A prophetic poem from 1903.

“Tell me the people are quiet.”
“No. For the emperor is dead.
And there is talk of a riot –
Freedom will surely now spread.”

“So is it time for a rising?”
“No. They are waiting, stone-still.
Patience is what they’re advising –
Roam then and sing if you will.”

“Tell me then, who is in power?”
“People don’t want it this year.
Citizens’ passions won’t flower –
Someone is coming – you hear?”

“Who’s this subduer of people?”
“Crow-like and out of his mind:
Monk is there under his steeple –
I saw him – then I went blind.

Driving them into abysses,
Frenzied like sheep through the sludge…
Holding iron staff, he dismisses…”
“God!

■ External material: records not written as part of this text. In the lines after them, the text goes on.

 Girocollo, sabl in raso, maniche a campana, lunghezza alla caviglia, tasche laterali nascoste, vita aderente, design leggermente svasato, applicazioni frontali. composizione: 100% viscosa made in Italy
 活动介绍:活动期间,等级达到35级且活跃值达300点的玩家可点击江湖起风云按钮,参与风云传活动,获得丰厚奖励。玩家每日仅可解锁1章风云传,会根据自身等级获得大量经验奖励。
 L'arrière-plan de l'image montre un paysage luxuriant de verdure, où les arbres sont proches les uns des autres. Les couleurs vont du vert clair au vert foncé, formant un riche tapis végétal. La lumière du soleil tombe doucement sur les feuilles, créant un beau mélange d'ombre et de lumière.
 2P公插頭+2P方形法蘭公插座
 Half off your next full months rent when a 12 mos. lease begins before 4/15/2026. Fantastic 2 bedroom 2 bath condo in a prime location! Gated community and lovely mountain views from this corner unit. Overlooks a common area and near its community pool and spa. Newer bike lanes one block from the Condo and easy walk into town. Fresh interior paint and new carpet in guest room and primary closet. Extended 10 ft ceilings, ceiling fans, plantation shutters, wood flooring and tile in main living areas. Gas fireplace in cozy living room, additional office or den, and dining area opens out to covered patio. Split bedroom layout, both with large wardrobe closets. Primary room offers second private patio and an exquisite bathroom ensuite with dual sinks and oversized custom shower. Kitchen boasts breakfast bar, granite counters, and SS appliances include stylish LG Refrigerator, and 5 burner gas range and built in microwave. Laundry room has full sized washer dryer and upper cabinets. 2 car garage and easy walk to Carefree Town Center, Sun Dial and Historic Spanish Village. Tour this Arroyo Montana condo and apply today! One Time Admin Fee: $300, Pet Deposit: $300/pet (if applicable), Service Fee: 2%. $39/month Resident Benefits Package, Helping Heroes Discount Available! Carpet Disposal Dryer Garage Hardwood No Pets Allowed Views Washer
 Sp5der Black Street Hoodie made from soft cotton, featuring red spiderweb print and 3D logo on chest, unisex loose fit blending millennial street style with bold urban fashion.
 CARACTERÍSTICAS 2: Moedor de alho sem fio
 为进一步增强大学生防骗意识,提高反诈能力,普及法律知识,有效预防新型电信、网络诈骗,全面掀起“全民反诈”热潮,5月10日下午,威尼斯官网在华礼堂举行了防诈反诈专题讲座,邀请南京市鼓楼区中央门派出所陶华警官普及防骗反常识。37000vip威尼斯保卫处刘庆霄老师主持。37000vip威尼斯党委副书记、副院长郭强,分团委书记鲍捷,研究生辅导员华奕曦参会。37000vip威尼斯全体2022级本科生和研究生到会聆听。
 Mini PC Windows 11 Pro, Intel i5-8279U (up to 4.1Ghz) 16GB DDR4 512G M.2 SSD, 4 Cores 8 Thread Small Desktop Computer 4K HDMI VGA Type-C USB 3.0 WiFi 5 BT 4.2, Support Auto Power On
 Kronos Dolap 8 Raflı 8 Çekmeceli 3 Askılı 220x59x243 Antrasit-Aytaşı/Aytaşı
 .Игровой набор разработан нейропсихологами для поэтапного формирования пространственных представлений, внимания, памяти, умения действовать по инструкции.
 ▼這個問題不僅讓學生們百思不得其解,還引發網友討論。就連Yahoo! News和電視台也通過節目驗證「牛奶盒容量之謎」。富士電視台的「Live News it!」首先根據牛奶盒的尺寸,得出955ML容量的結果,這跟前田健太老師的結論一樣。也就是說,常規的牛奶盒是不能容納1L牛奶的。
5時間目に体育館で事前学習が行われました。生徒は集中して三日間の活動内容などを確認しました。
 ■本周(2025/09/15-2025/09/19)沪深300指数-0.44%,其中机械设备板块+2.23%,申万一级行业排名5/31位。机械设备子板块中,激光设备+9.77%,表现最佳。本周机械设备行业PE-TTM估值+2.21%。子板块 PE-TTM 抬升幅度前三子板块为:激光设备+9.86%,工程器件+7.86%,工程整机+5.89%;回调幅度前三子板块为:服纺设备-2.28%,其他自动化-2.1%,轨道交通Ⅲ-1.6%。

We must flee from the Judge!”

::::::::::::::::::::::::::::::::::::::::::::::::::::::::::::::::::::::

– Всё ли спокойно в народе?
– Нет. Император убит.
Кто-то о новой свободе
На площадях говорит.

– Все ли готовы подняться?
– Нет. Каменеют и ждут.
Кто-то велел дожидаться.
Бродят и песни поют.

– Кто же поставлен у власти?
– Власти не хочет народ.
Дремлют гражданские страсти –
Слышно, что кто-то идёт.

– Кто ж он, народный смиритель?
– Тёмен, и зол, и свиреп:
Инок у входа в обитель
Видел его – и ослеп.

Он к неизведанным безднам
Гонит людей, как стада…
Посохом гонит железным…
– Боже! Бежим от Суда!

Translation by Rupert Moreton

Conscience

How many times must Russia’s conscience die –
Must Pushkin fall to duel’s silly end,
Must Lermontov pursue him by and by,
Must Yuri now be Lara’s deathless friend?

Akhmatova no longer waits outside
Kresty with all the others. Anyway,
the prisons have been emptied in a tide
of desperate hate’s diversion-war today.

Yes, Mandelstam would find the words again,
though Stalin’s now from Piter – oh, for shame!
And Yevtushenko might still spot the stain
that sullies Babi Yar’s forgotten name.

Why must it be that all the pain there’s been,
which once at least inspired your greatest ones,
is now in fratricidal horror seen,
as on the innocents you train your guns?